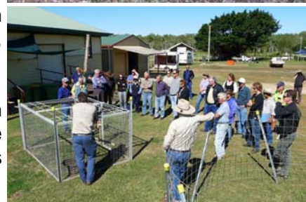
Top: Successful feral pig trapping. Above: Land managers hearing about best practice trapping techniques.
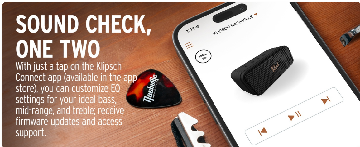
Image: Screenshot of the Klipsch Connect App interface, showing equalizer settings for bass, mid, and treble.
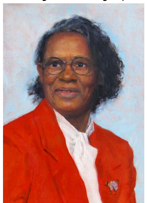
The Matriarch (left)

My approach to painting is to capture the grace and beauty of ordinary people. The sampling of portraits and figuratives included on this website were painted from life in my studio and at the Art Students League in New York. My quest is not to capture a moment in time, but to capture a time in the life of the individual I paint. In so doing, I hope to evoke a response and create an emotional connection between the painting and the viewer, which to me is a rewarding and humbling experience."
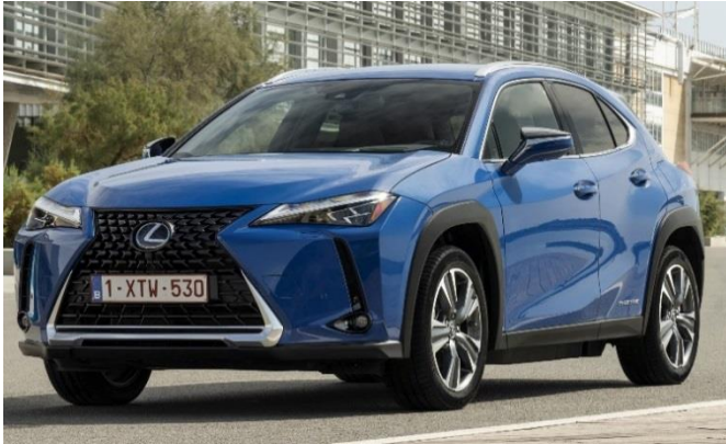
Lexus UX300e.
......
• [To do]
In the copy, leave out all pictures, and retype exactly each line from the one with "Image: Screenshot of" through the last line of the entries.

• [Solved problem]
Image: Screenshot of the Klipsch Connect App interface, showing equalizer settings for bass, mid, and treble.
The Matriarch (left)

My approach to painting is to capture the grace and beauty of ordinary people. The sampling of portraits and figuratives included on this website were painted from life in my studio and at the Art Students League in New York. My quest is not to capture a moment in time, but to capture a time in the life of the individual I paint. In so doing, I hope to evoke a response and create an emotional connection between the painting and the viewer, which to me is a rewarding and humbling experience."
Lexus UX300e.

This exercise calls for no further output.